Hi. If you go back and look, you'll see I used 200 ohms, not 2K, since that's what produced the most output power for the 23mW circuit. In simulation the 27pf cap alone in series with a 75 ohm load is just as effective a match as the 154nH and 10pf matching network, because the impedance difference looking into both combinations is only about 100 ohms.

 

[Willen]

My actual question was I cannot use calculator. So simply insert the values on calculator and and show a picture (screen shoot) please!

 

[ccurtis]

Okay, here goes. NaN means "not a number"; in other words, no solution was found.

 

[Willen]

Thank you!

But why you used Q=3?
Is it Quality factor of inductor? Then why not 10 or 100? Hahaha
Make me clear please!

 

[ccurtis]

Thank you!

But why you used Q=3?
Is it Quality factor of inductor? Then why not 10 or 100? Hahaha
Make me clear please!

The matching program assumes a perfect inductor. The Q calculated is the Q of the matching network, a measure of the bandwidth of the network. Your matching network attenuates signals at frequencies above and below 100MHz. The higher the Q, the more those signals are attenuated. Q=3 by default. I didn't enter it. For an "L" matching network, the Q "is what it is" based on the what you enter for the other inputs.

 

[Willen]

Hi Willen, here's how I would go about figuring the values for the interstage matching networks:

1. The first stage is supposed to deliver 200 mW. For simplicity, I'm going to ignore the few pf of transistor output capacitance. You can tweak the values of the inductor and capacitor, once built. When you build it there are going to be parasitic L's and C's anyway to deal with. The load resistor for 200 mW is RL=V^2/(2P), or 12^2/(2*200mW)=360 ohms. I'm going to also assume an input impedance for the following transistor of 5-5j, which is typical. Using an impedance matching program (because who wants to calculate all that by hand?), the values for L and C of the first matching (diagram B) network between the first and middle stages are 37pf and 75 nH.....

I am still confused on Load Resistance and Source Resistance to fill in Calculator.
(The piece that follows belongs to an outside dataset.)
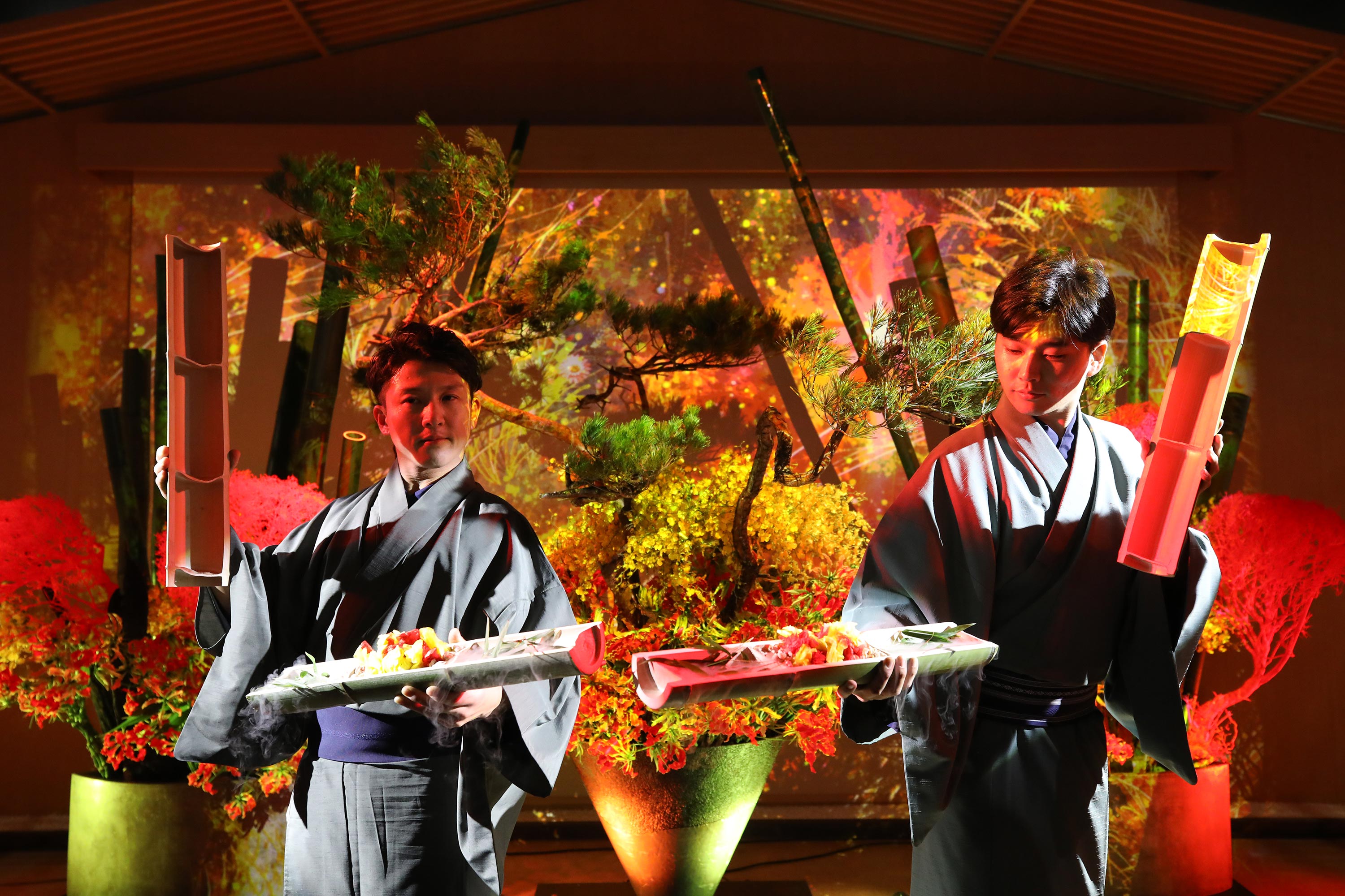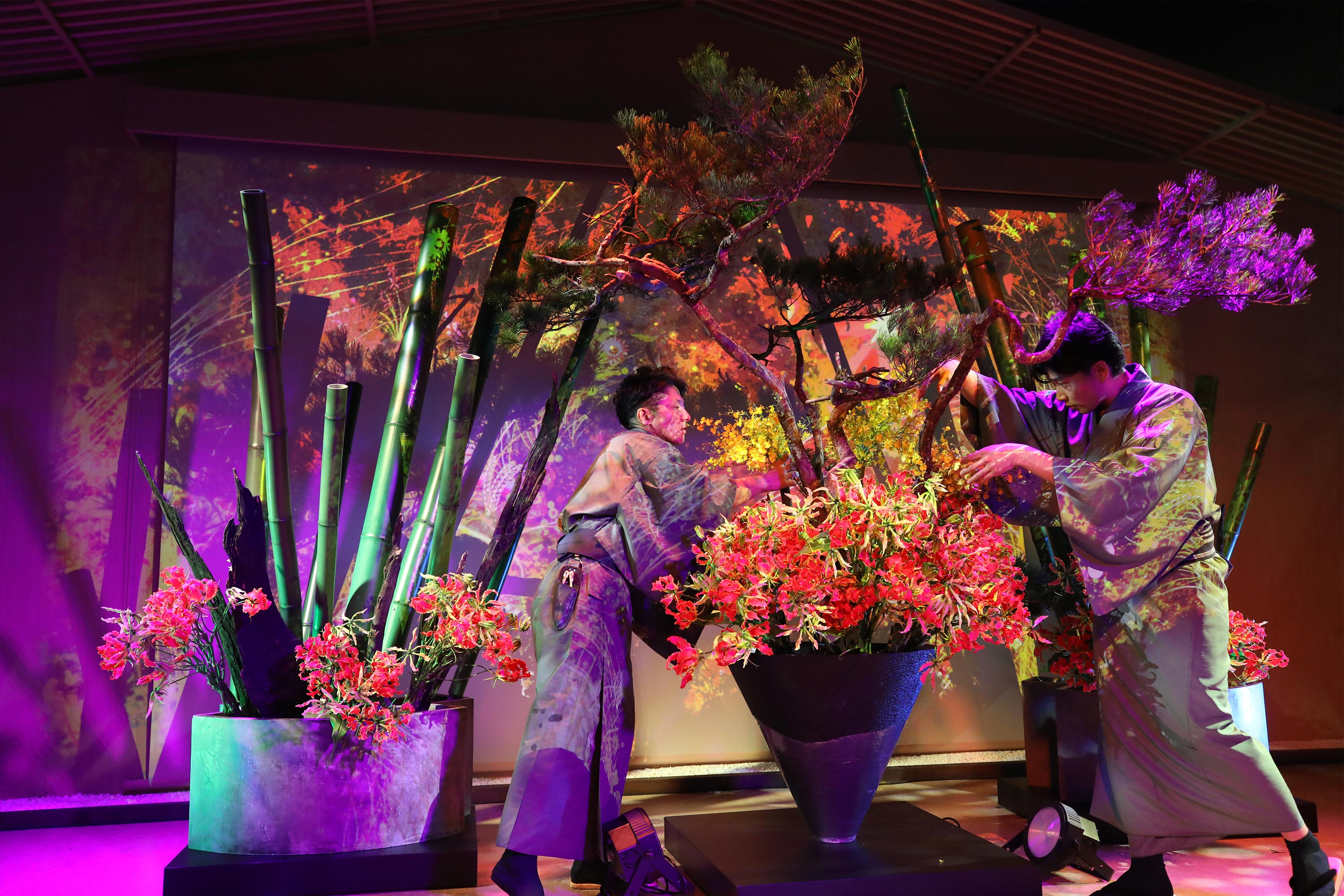 今回のショーでは、華道家元池坊の若手華男子グループ「IKENOBOYS」から江木淳人氏・田中伸明氏を迎え、”いけばな”とプロジェクションマッピングのライブパフォーマンスを実施。和太鼓や尺八といった和楽器やベースギター、パーカッションなどにより奏でられる生演奏と香りの演出で迫力あるショーとなり、多くの来場者を魅了しました。また、ショーのラストには、京都の老舗料亭「京都𠮷兆」より、”いけばな”から生まれた果実をイメージしたデザートが来場者へと振る舞われました。

Can you show another screen shoot of Quoted values here and explain simply between Load Resistance and Source Resistance please!

And what is the purpose of assuming of 5-5j impedance on calculator?

 

[ccurtis]

I am still confused on Load Resistance and Source Resistance to fill in Calculator. Can you show another screen shoot of Quoted values here and explain simply between Load Resistance and Source Resistance please!

And what is the purpose of assuming of 5-5j impedance on calculator?

I had to assume something for the input impedance (load impedance), so I chose something typical. The actual value would have to be measured or obtained from the datasheet (if given there). Here is the screenshot. The value for the inductor is different from what I originally posted. Maybe I made a typo.

 

[Willen]

You mean you have corrected now (Original post has 75nH, 37 pf for 200mw between first and 2nd stage) Now it's 59nH and 37 pf.

Your 5-5j assume impedance is Load Resistance= 5 on calculator?

If this network has 360 ohms impedance as source (output), then this 360 ohms will be as an input impedance for 2nd network but why not? (because collector of Class C has no change of impedance i think).

 

[ccurtis]

You mean you have corrected now (Original post has 75nH, 37 pf for 200mw between first and 2nd stage) Now it's 59nH and 37 pf.

Your 5-5j assume impedance is Load Resistance= 5 on calculator?

If this network has 360 ohms impedance as source (output), then this 360 ohms will be as an input impedance for 2nd network but why not? (because collector of Class C has no change of impedance i think).

The +5 for the source reactance should be -5, so the inductor value I originally posted is correct afterall.

The collector of the first stage will see a 360 ohm load with the matching network connected and a 5-5j ohms load on the matching network from the next stage transistor. In other words, the matching network transforms the 5-j5 input impedance to 360 ohms for use by the collector of the first stage.

 

[Willen]

OK then I attached final schematics to review from you to be insure that all values are correct. Check once please! I think it works fine

(also, look at C8 and L10, it is opposite network- inductor first than capacitor. Should I have to put capacitor first?)